Other reputable customers, such as Western intelligence agencies, often pay higher prices. Mr Lindelauf reckons that America’s spies spend the most on exploits. Vupen and other exploit vendors decline to name their clients. However, brisk sales are partly driven by demand from defence contractors that see cyberspace as a “new battle domain”, says Matt Georgy, head of technology at Endgame, a Maryland firm that sells most of its best exploits for between $100,000 and $200,000. He laments a rise in sales by unscrupulous vendors to dangerous groups.

On March 12th the head of the Pentagon’s Cyber Command, General Keith Alexander, warned the Senate Armed Services Committee that state-sponsored groups are stepping up efforts to steal and destroy data using “cybertools” purchased in illicit online markets. As an American military-intelligence official points out, governments that buy exploits are “building the black market”, thereby bankrolling dangerous R&D. For this reason, governments appear increasingly keen to develop exploits in-house. Paulo Shakarian, a cyberwar expert at West Point, an American military academy, says China appears to be moving in this direction.
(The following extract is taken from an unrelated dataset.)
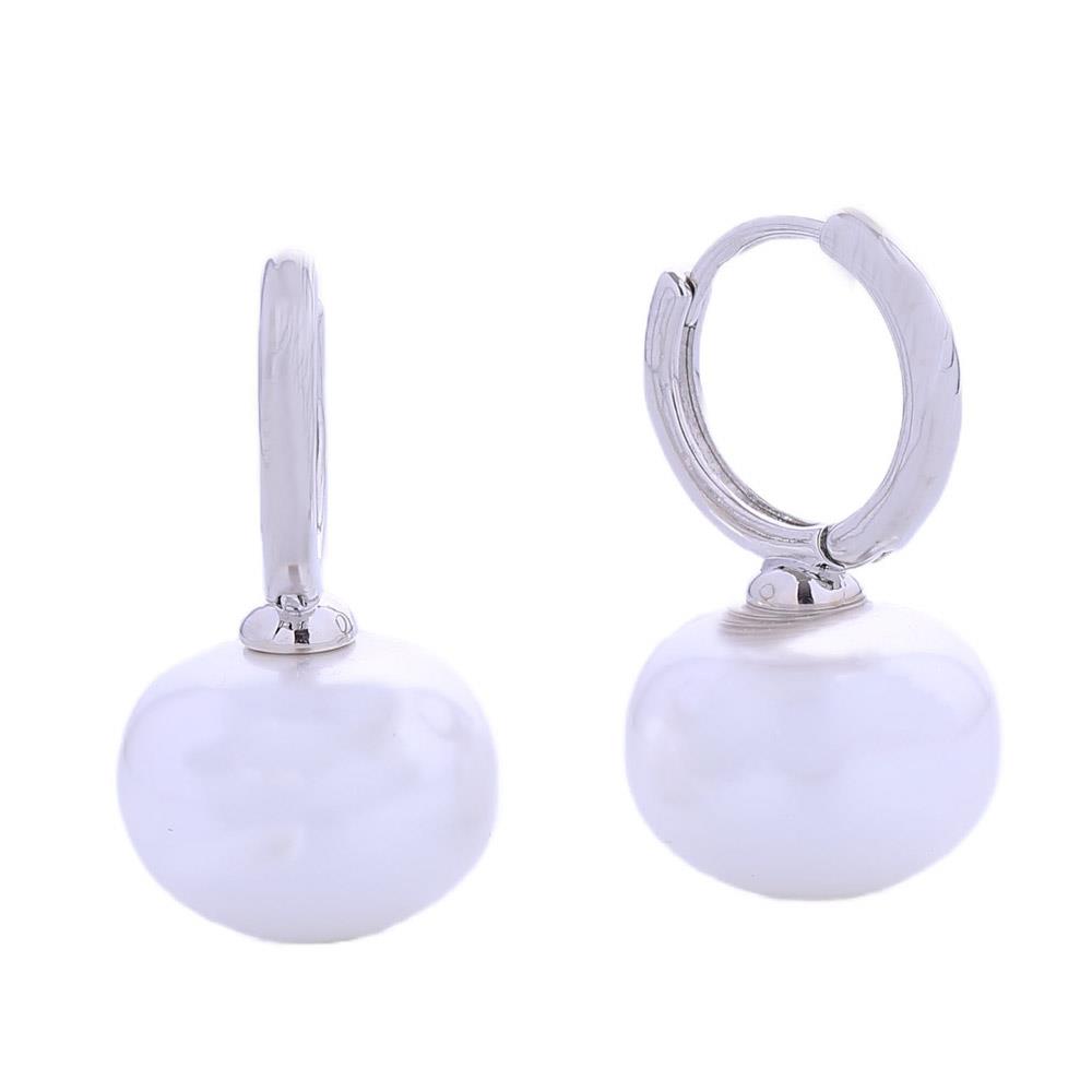 14K GOLD DIPPED DANGLING PEARL HUGGIE EARRING

Developing exploits in-house reduces the risk that a double-dealing vendor will resell code meant to be exclusive. Even so, the trade isn’t likely to fade away. When developers work out a trick that gives them control over the targeted software, they like to yell out a celebratory “who’s your daddy?” notes Pierre Roberge, boss of Arc4dia, a Quebec firm that sells exploits to spy agencies. Exploit trading will continue as long as people pay big money for the opportunity to utter the same joke—this time at the expense of a victim who has been hacked.

Cyber-security: The digital arms trade, Economist, Mar. 30, 2013, at 65.